忽而有劲风穿巷而过,擦过断壁残垣,发出呜呜声响,卷起细碎尘埃,带出浅淡腐味,衬得这空城更加死寂荒寒,连赤日落下都温不暖这满目萧索。
岑矜就这般漫无目的的走走看看,直到天目降落,几人才穿过外城,在内城最深处一处宅院门前站定。
“便先将此处作为四公主府吧。”
站在朱漆大门外抬眸望去,庭院中生满齐腰荒草,石桌的青灰若隐若现,野藤攀廊蜿蜒而上几乎缠满窗棂。
倒是自屋后伸出的杏树枝丫上挂满拇指大的绿果,却再也不见摘取之人。
“是主子。”
惊鹊和小安子齐齐躬身朝岑矜行礼,“奴婢/奴才这就去收拾。”
这屋舍外面看着还算完整,内里却也是缺檐少角,不过对风餐露宿了两个月的几人来说已经心满意足了。

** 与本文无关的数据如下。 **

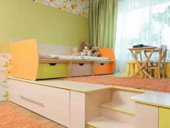 На сегодняшний день производители выпускают множество разнообразных модификаций не только с ящиками, но и с лесенками. Эти небольшие сооружения помогают ребенку подняться к верхней части в вечернее время и благополучно спуститься утром. Некоторые производители обустраивают такие лесенки дополнительными ящичками. Получаются удобные ступеньки с комодом. Для безопасности верхний конструктив кровати оснащается бортиками, защищающими ребёнка от внезапного падения во время сна.

主仆几人捡柴火烤红薯凑合着填饱肚子,很快收拾出两个房间便睡下了。
好在如今已是初夏,这雍城的夜晚算不得热,但也不会把人冻着了。
奈何将将过去的这两个月里,岑矜两死两生,心绪起落过大,又舟车劳顿。
难得安顿下来好好睡个安稳觉,这不,精神一放松,人便病倒了,子时刚过就发烧了。
院里石桌上,小安子正把毒草磨成粉,突然听到岑矜房里传来细碎的呜咽声,赶紧压低声音开口,“惊鹊,主子在哭,快快快……快去看看。”
惊鹊心里一紧,把火把塞进小安子手里就跑进了房内,小安子犹豫片刻转身加快了点火的速度。
“主子发烧了,你烧些水送进来”,很快惊鹊端着水盆走出来,“这个也拿去剪了。”
小安子整颗心都悬起来,往烧着水的火堆里加了柴,又小心把药倒进瓦罐,“主子烧的可严重?”
漫说是在这雍城,便是在皇城脚下,发烧都是令人心惊胆战的病。
惊鹊颔首咬紧嘴唇,艳眸中盈满湿意,泪珠无声从眼角滚落,“主子呓语里仍惦记着想回家。”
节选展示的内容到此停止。